Dövize fazlasıyla endeksli bir ekonomi olmamız nedeniyle kurlardaki kontrolsüz yükseliş, ciddi tahribat yapma potansiyeli taşıyor.
Tahribatı azaltmak üzere önleyici tedbirlerin artık sahaya sürülmesi kaçınılmaz! Aralık 2021’deki kur atağını durdurmak için devreye alınan Kur Korumalı Mevduat tarzında yeni bir silahın para otoritesi tarafından bir an önce kullanılması gerekiyor.
Aslında hafta başında bu olasılığın hayata geçmesi gündemdeydi. Pazartesi işlemlerinde dolar bu nedenle bir ara 15,60’lı seviyelere kadar gerilemişti.

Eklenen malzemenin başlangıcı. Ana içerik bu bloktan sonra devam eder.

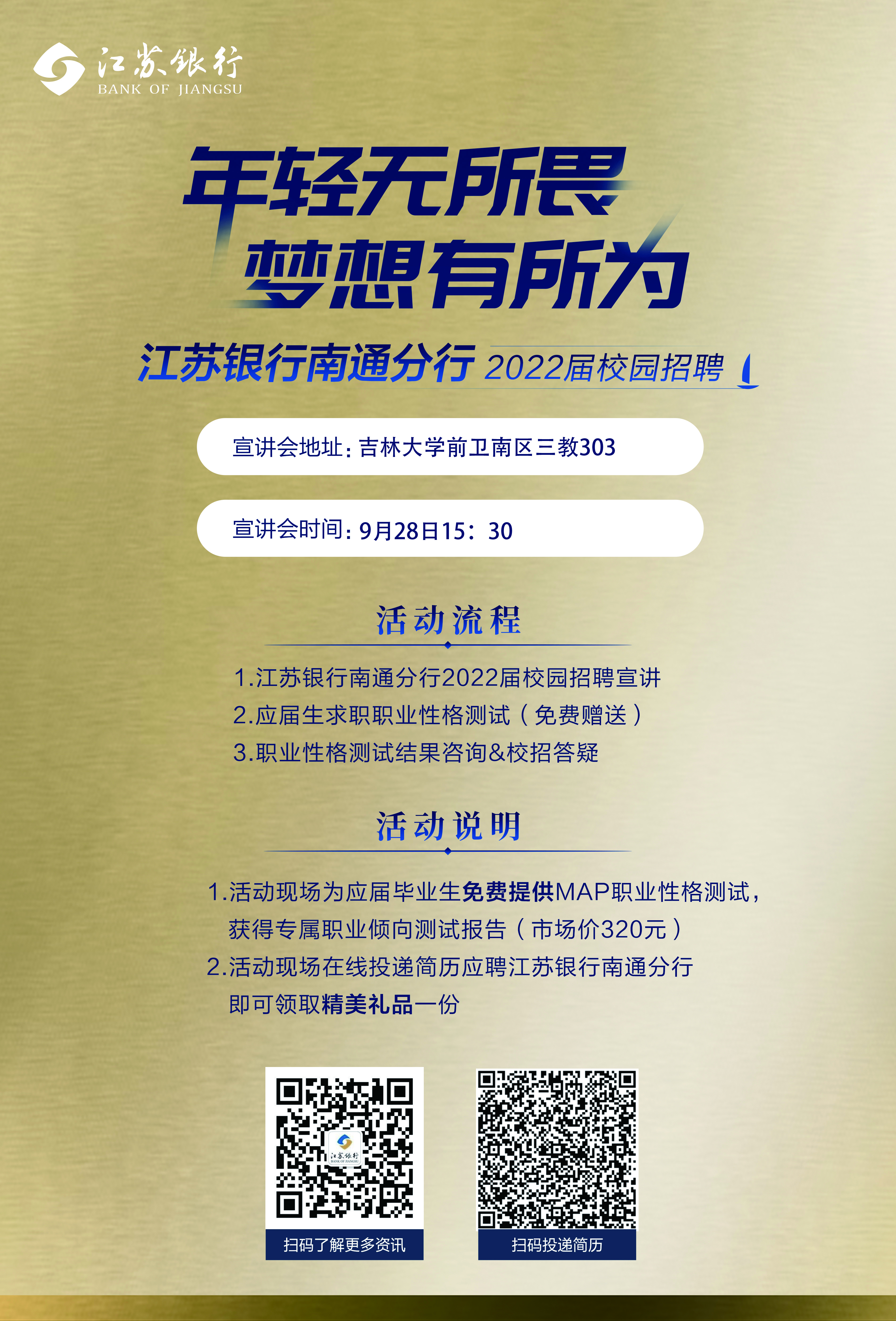 【江苏银行南通分行2022届校园招聘宣讲-永利yl23411校园招聘会】活动内容:- 银行业发展趋势探讨- 江苏省、南通市发展前景预览- 江苏银行南通分行特色优势介绍现场可免费参与独家职业性格测试,获得专属测评报告,为择业提供参考,还可向专业HR一对一咨询。现场投递简历更可获得精美礼品一份。时间:9月28日 15:30-17:00地点:前卫南区三教303欢迎吉大学子现场咨询交流!
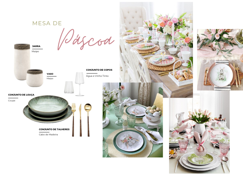 Se a sua mesa é em formato redondo , a melhor forma de atrair atenção é focando-se no centro da mesa. A minha sugestão passa por colocar uma jarra com flores (jarra maipo) e alguns artigos relativos à Páscoa como umas amêndoas, que promovam mais suporte a esta composição. No que respeita ao serviço de mesa, deverá envolver a mesma com um conjunto de pratos e talheres mais elegantes e ter em atenção o serviço de copos que vai escolher, indo sempre ao encontro da bebida que será degustada aquando da refeição (veja os diferentes conjuntos de copos aqui).

Ama çok konuşulan beklenti hayata geçmedi. Yani süper lakaplı bono veya tahvil, bir başka deyişle enflasyona endeksli enstrüman sahaya sürülmedi! Hayal kırıklığı doları 16 TL’nin üzerine atıverdi.
Artık cin şişeden çıktı. Adı geçen fren mekanizmaları kaçınılmaz hale geldi. Adından söz edip de hayata geçirmemek daha ağır bir bedel yaratıyor çünkü.
Orta ve uzun vadede artçıl etkileri ile ciddi bir baş ağrısı olması kaçınılmaz olan enflasyona endeksli kağıtlardan başka seçeneğimizin kalmamış olması çok acı ne yazık ki!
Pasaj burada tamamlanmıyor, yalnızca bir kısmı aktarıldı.